_DATASET CONTENT_.
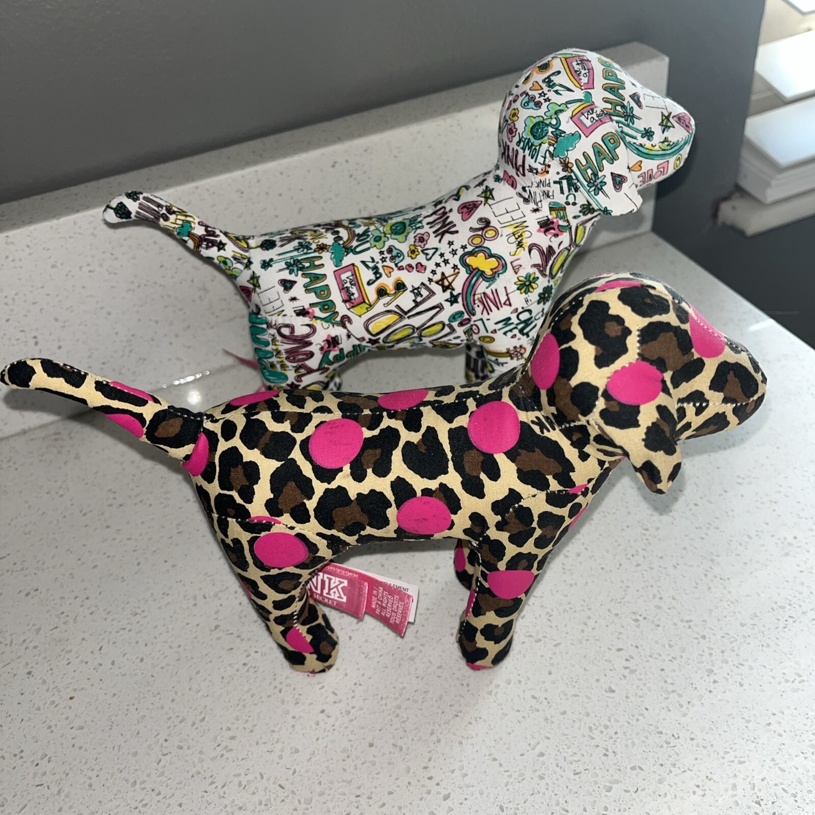 Victoria s Secret PINK Plush Dog Lot of 2 Cheetah and Graffiti Print
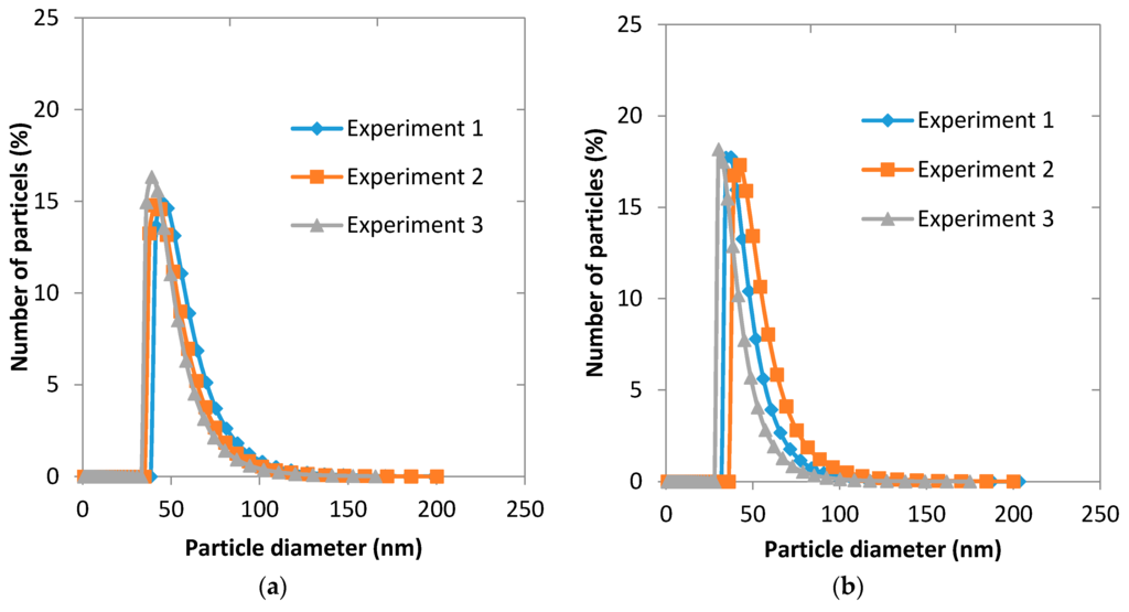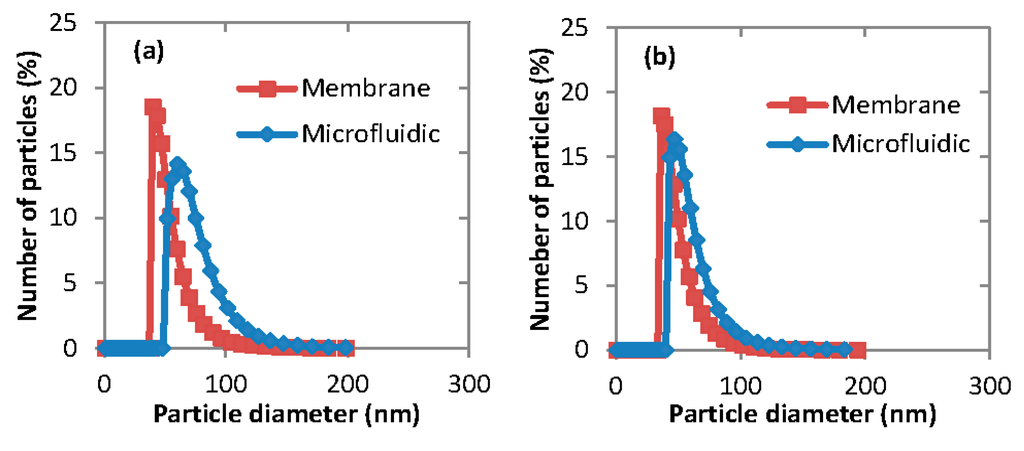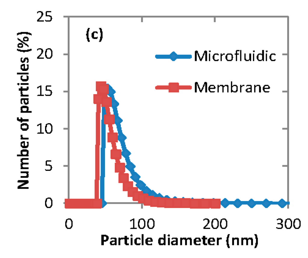 The experiments conducted under a certain set of conditions were repeated three times in order to estimate reproducibility of the fabrication process. The conditions for microfluidic experiments were: Qa = 5 mL·h−1, Qo = 1.25 mL·h−1 (Qa/Qo = 4) and the conditions for membrane device were: Vo = 5 mL, Vw = 25 mL. The organic phase solution for both devices was 1 mg·mL−1 of the copolymer PEG-b-PCL (B) dissolved in acetone.
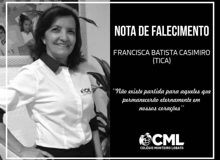 Morreu nesta quarta-feira (03) a sousense Francisca Batista Casimiro, mais conhecida como “Tica”, que tinha 50 anos e era secretária do Colégio Monteiro Lobato (CML) na cidade de Sousa.

_EXERCISE BRIEF_.
Every line of the material must be returned exactly; leave the images out.

_TASK RESULT_.
 Victoria s Secret PINK Plush Dog Lot of 2 Cheetah and Graffiti Print
 The experiments conducted under a certain set of conditions were repeated three times in order to estimate reproducibility of the fabrication process. The conditions for microfluidic experiments were: Qa = 5 mL·h−1, Qo = 1.25 mL·h−1 (Qa/Qo = 4) and the conditions for membrane device were: Vo = 5 mL, Vw = 25 mL. The organic phase solution for both devices was 1 mg·mL−1 of the copolymer PEG-b-PCL (B) dissolved in acetone.
 Morreu nesta quarta-feira (03) a sousense Francisca Batista Casimiro, mais conhecida como “Tica”, que tinha 50 anos e era secretária do Colégio Monteiro Lobato (CML) na cidade de Sousa.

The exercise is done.